We recently connected with Andrew Grossman and have shared our conversation below.
Andrew, looking forward to hearing all of your stories today. Learning the craft is often a unique journey from every creative – we’d love to hear about your journey and if knowing what you know now, you would have done anything differently to speed up the learning process.
Curiosity has been, and continues to be, the driving force in my creative life. It has been the primary motor in the accumulation of skills and knowledge in my craft. “I wonder what this will sound like,” or “I wonder how the audience will react to this” has pushed me to try so many different things. Sometimes those things don’t work, and it pushes me in different directions. Sometimes it works really well, though.

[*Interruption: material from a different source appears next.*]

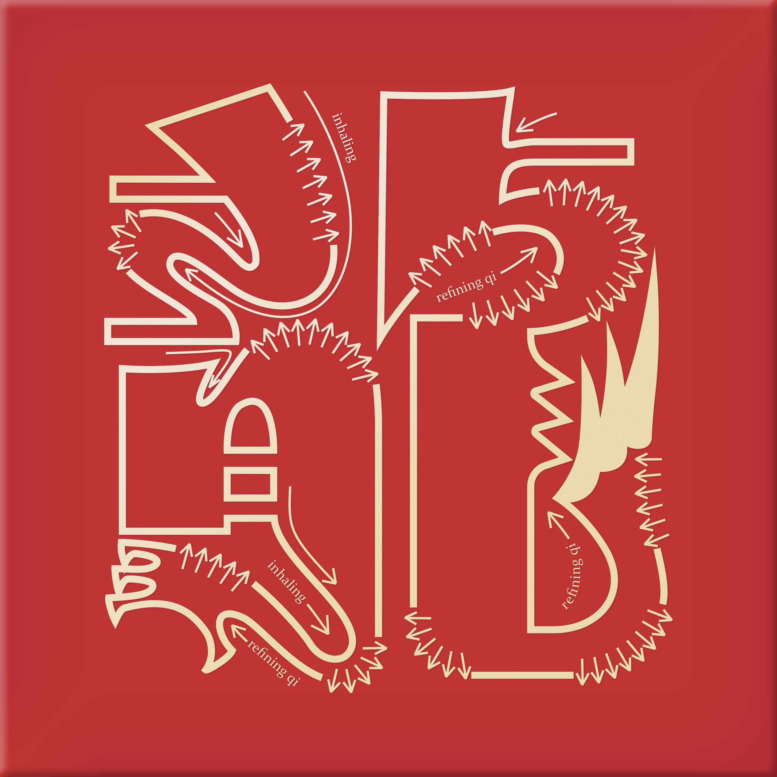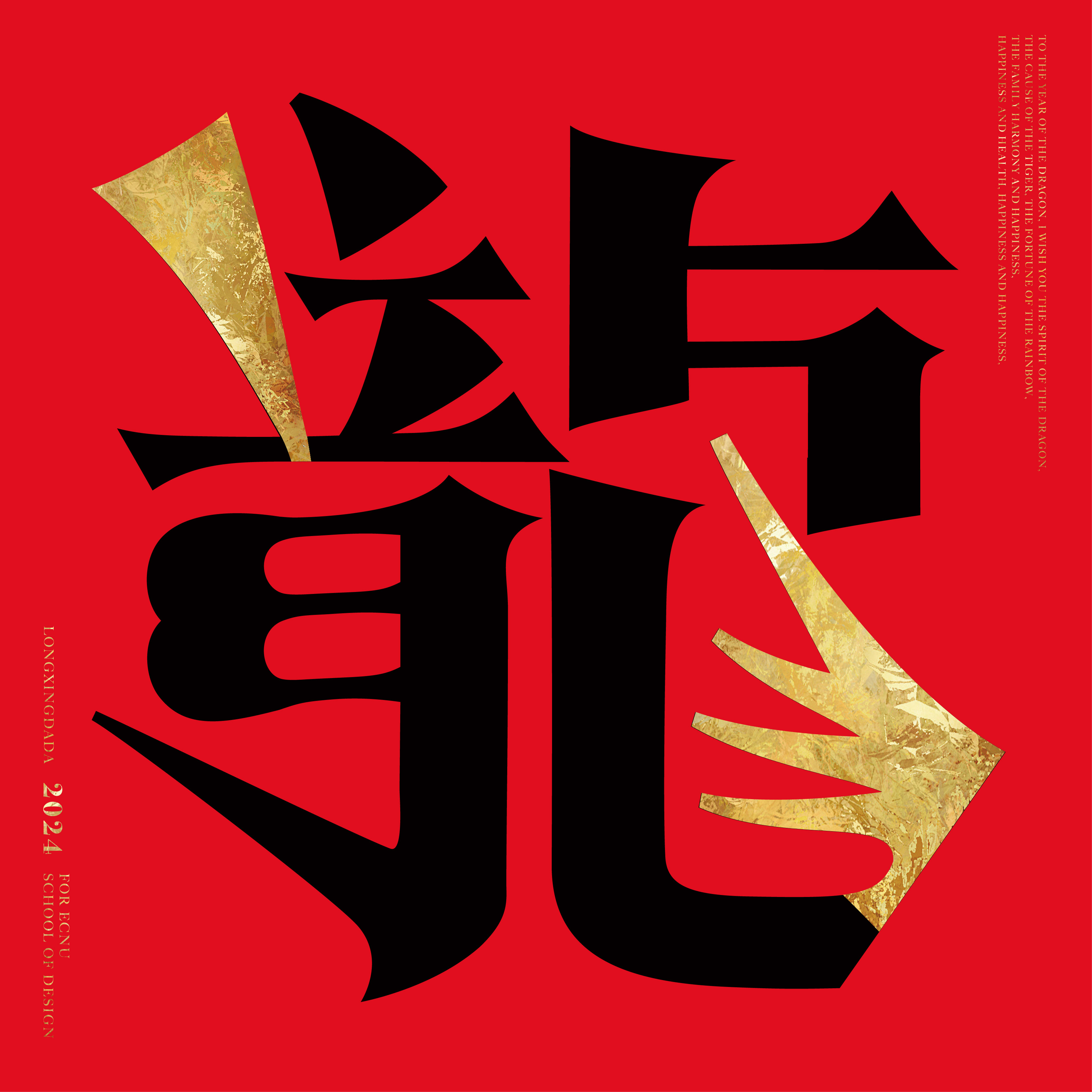 作品說明:以繁體字的龍為設計原型,將現代性的字形與傳統龍紋結合,形成極富沖擊力的視覺效果。右側金龍靈感來自于明朝戧金紅漆云龍紋,盤踞其中,昂首眺望,寓意“祥龍昂首,萬象啟新”。

In hindsight I could have reached some conclusions sooner by asking for help. I was very stubborn in my twenties. The thought that I would ask for help for anything was anathema to my conception as an artist, which in hindsight is enormously stupid. I took myself way too seriously. I think this lack of humility was a big obstacle to me, one which I think I am much better off for having rid myself of.
Andrew, before we move on to more of these sorts of questions, can you take some time to bring our readers up to speed on you and what you do?
My name is Andrew Grossman and I am the singer, songwriter, and band leader for the experimental pop collective The North Country. I fell deeply in love with music ever since I got a guitar for my 13th birthday and have dedicated my life to songwriting and musical performance ever since then.
We make conscious indie rock and indie pop, blending the sounds of Talking Heads, LCD Soundsystem, and Arcade Fire into an original sound with an energetic live show and well produced records.
Our new album The Future’s All We Need is out now on House of Joy.
We’d love to hear a story of resilience from your journey.
I’m enormously proud of our ability as a band to stick together and persevere during the pandemic. We had a tour scheduled for March 2020 to South by Southwest in Austin, TX, and then you know what happened.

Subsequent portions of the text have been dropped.